2. I want to return/print a string for the first two if statements if they are true, dont know how to do that in scheme.

Here is the code:

(define (check)
  (let (runner(randint -5 10)
    (cond ((and (< runner 1) (> runner -3))
           (display "yes"))
          ((and (< runner -2) (> runner -6))
           (display "no"))
          ((> runner 0)
           (display runner))))))

Here is the code for randint:

(define random
(let ((a 69069) (c 1) (m (expt 2 32)) (seed 19380110))
 (lambda new-seed
 (if (pair? new-seed)
 (set! seed (car new-seed))
 (set! seed (modulo (+ (* seed a) c) m)))
 (/ seed m))))

(define (randint . args)
 (cond ((= (length args) 1)
 (floor (* (random) (car args))))
 ((= (length args) 2)
 (+ (car args) (floor (* (random) (- (cadr args) (car args))))))
 (else (error 'randint "usage: (randint [lo] hi)"))))

Answer 1

Apart from the syntax problems pointed by @Rptx, there's one killer bug in your code: you can't have one-armed ifs in Racket (meaning: they must have a consequent and an alternative). You can either nest them, or better yet: use cond, which is perfect for testing multiple conditions. This should work:

(define (check)
  (let ((runner (randint -5 10)))
    (cond ((and (< runner 1) (> runner -3))
           "yes")
          ((and (< runner -2) (> runner -6))
           "no")
          ((> runner 0)
           runner))))

Use it like this:

(display (check))

Regarding the issue with randint: Now that you have posted the code I can confirm that the problem was in the way that you were passing the parameters. As shown above, this is the correct way:

(randint -5 10)

Answer 2

It really hurts my eyes to see 3 expressions in a implicit begin with each their own if without alternative. Here is a version using cond (only because it's 2 terms and an alternative) Also notice that it's enough with one < with the bounds on each side of your variable rather than splitting it up in two with a logical and between.

(define (check)
  (let ((runner -1))
    (cond ((< -3 runner 1)  "yes")
          ((< -6 runner -2) "no")
          (else "runner"))))

(display (check)) ; ==> void, displays the result of check

Answer 3

There are several mistakes in your code.

1. You are missing parens around check.

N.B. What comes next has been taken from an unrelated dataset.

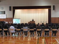 1月20日(火)1校時、本校体育館で始業式が行われました。大寒の暦通り、凍てつく寒さの中で久し振りに登校した生徒たちが元気よく校歌を斉唱した後、近藤校長先生から3学期に向けてのお話がありました。また福祉デザイン科の生徒3名による作文発表もあり、それぞれ2学期に頑張ったこと、3学期に頑張りたいことなどを落ち着いて堂々と発表していました。その後、冬休み中に行われた道南3校(本校・北斗高等支援学校・今金高等養護学校)による『第6回道南カップ・スポーツ交流大会』の表彰があり、バドミントンとバスケットボール両方の競技で勝ち残り、総合優勝の三冠を果たしたチームの2年生6名が、校長先生から表彰状と優勝カップを授与され、生徒・教職員全員から祝福の拍手を受けました。式の後、進路支援部より来月6日に実施される毎年恒例の卒業生による『職業講話』の説明があり、生徒たちは熱心に耳を傾けていました。

You are currently defining check as a variable, not as a procedure.
2. You are missing a procedure to print.
3. Print and return are not the same thing. The procedure will return what the last statement of the body of let returns. In your case, it will return 'runner if (> runner 0) is true, or false otherwise.
4. If you don't post the error you get when you use randint We can't know what is wrong.

Here is a working version of your procedure:

(define (check)
  (let ((runner -1))
    (if (and (< runner 1) (> runner -3)) (display "yes"))
    (if (and (< runner -2) (> runner -6)) (display "no"))
    (if (> runner 0) (car '(runner)))))